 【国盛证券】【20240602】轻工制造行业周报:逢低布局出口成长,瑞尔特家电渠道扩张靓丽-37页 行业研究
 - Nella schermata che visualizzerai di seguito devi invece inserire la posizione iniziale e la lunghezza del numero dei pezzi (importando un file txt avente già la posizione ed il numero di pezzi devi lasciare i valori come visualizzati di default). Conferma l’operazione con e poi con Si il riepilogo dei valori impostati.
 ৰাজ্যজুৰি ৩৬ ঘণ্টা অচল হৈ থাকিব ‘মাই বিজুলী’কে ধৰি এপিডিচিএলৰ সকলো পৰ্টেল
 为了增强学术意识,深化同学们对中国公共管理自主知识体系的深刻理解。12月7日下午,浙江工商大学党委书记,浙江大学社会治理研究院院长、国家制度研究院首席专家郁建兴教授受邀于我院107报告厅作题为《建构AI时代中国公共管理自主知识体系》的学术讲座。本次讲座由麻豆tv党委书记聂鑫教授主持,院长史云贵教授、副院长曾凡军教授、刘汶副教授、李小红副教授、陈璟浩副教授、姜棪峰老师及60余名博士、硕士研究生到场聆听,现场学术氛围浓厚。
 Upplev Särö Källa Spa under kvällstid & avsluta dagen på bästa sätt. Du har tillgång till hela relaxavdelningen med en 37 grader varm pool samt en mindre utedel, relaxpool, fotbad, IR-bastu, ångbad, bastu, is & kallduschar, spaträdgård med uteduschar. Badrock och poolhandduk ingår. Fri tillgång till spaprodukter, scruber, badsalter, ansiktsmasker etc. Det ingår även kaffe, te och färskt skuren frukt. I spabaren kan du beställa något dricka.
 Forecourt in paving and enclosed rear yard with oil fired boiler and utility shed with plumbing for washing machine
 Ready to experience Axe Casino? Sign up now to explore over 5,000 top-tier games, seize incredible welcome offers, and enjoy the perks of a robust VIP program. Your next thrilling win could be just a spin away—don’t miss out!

────

TASK TO COMPLETE: Copy out each line of the data above, exactly, if it lies between the line holding "ৰাজ্যজুৰি ৩৬ ঘণ্টা" and the line holding "为了增强学术意识,深化同学们", inclusive; copy no other line.

YOUR SOLUTION:
 ৰাজ্যজুৰি ৩৬ ঘণ্টা অচল হৈ থাকিব ‘মাই বিজুলী’কে ধৰি এপিডিচিএলৰ সকলো পৰ্টেল
 为了增强学术意识,深化同学们对中国公共管理自主知识体系的深刻理解。12月7日下午,浙江工商大学党委书记,浙江大学社会治理研究院院长、国家制度研究院首席专家郁建兴教授受邀于我院107报告厅作题为《建构AI时代中国公共管理自主知识体系》的学术讲座。本次讲座由麻豆tv党委书记聂鑫教授主持,院长史云贵教授、副院长曾凡军教授、刘汶副教授、李小红副教授、陈璟浩副教授、姜棪峰老师及60余名博士、硕士研究生到场聆听,现场学术氛围浓厚。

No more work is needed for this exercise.